Police forces gather in street outside the offices of the French satirical weekly Charlie Hebdo in Paris on Wednesday, after armed gunmen stormed the offices. (Martin Bereau AFP/Getty Images)
On tomorrow’s Performance Today, we’re broadcasting a concert recording from Paris, from a venue very close to today’s Charlie Hebdo attack.
Musicians are among the millions around the world who have reacted with shock, anger, and in many cases, with new resolve to the Charlie Hebdo attack.
American cellist Alisa Weilerstein tweeted “Long Live Freedom of Speech.” And she used the hashtag “#JeSuisCharlie.” I am Charlie.
Long live freedom of speech. #JeSuisCharlie #CharlieHebdo pic.twitter.com/dcsAjoWi6x
— Alisa Weilerstein (@AWeilerstein) January 7, 2015
Italian conductor Enrique Mazzola lives and works in Paris. He tweeted “with all my heart near my friends in Paris.”

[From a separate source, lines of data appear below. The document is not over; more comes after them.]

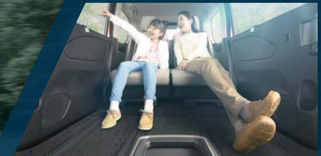
Enjoy a relaxing journey with its 6-way individually-adjusted second-row seats.

Enjoy a comfortable journey with your family in the spacious cabin of the 7-seater Nissan Serena e-POWER. From the first to the third row, this MPV boasts an impressive interior length, width and height to make every ride enjoyable for everyone.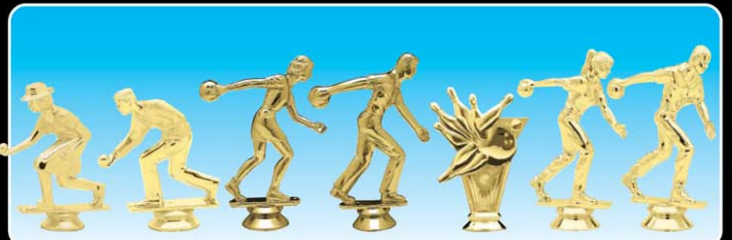
F381 LAWN BOWLER, F (100-N-4") F382 LAWN BOWLER, M (100-N-4") F791 BOWLING, F (100-K-5 1/2") F792 BOWLING, M (100-K-5 1/2") T121 BOWLING (100-O-4 1/2") F3531 DUCK PIN, F (100-L-5 1/2") F3532 DUCK PIN, M (100-L-5 1/2")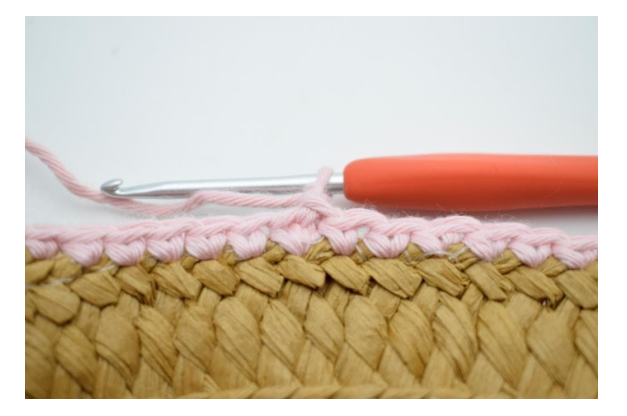
1. Make 2 ch.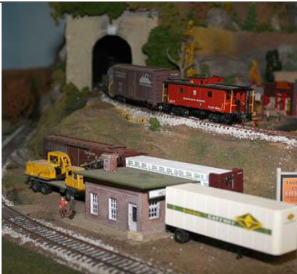
Westfield freight station being unloaded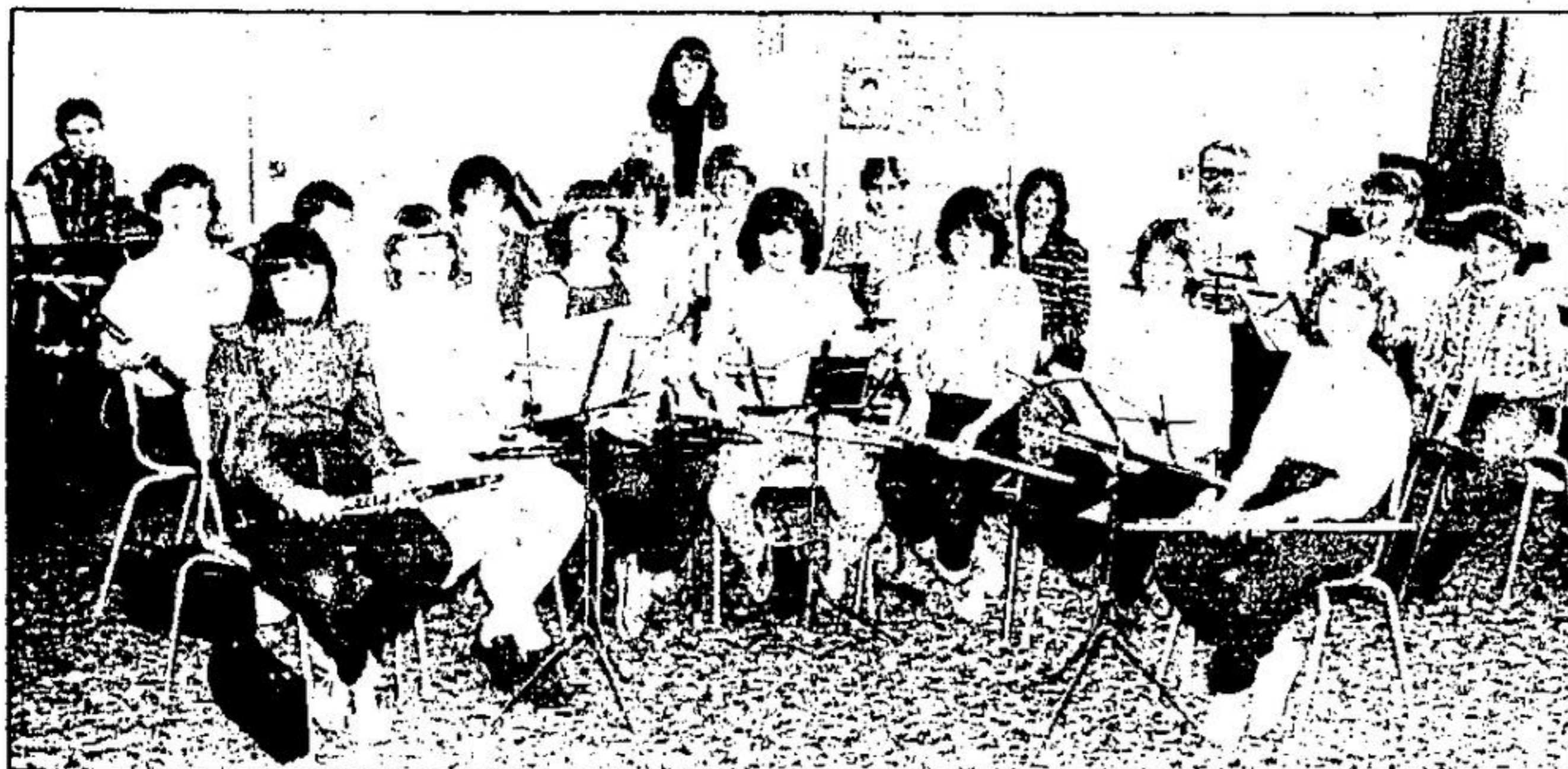
The McKenzie-Smith band was a feature at the school's variety night on Thursday. There's a story on the show and more photos on page 3.

How should … and how CAN artists respond … to violence?
Three days after the assassination of John F. Kennedy, conductor Leonard Bernstein wrote: “This will be our reply to violence: to make music more intensely, more beautifully, more devotedly than ever before.”
And I’m reminded of a conversation I had recently with composer John Luther Adams. We talked about how artists respond to terrible events in the world.
He mentioned the great painter, Claude Monet. At the height of World War I, Monet retreated to the gardens of his home in the French countryside. Not simply as an escape: his own son was in the war. The front moved to within about 30 miles of the garden. But still every day Monet stepped outside … and painted water lilies. In full awareness of what was going on around him. Composer John Luther Adams picks up the story from there.
“He confided to a friend that he felt guilty pursuing his ‘little studies,’ as he put it, of form and color, while so many people were dying and suffering. The irony is that those last paintings of the water lilies were his greatest gift to a troubled world. So that spoke to me the imperative of art in our times … and in all times.”
On behalf of each one of us at Performance Today: Je suis Charlie.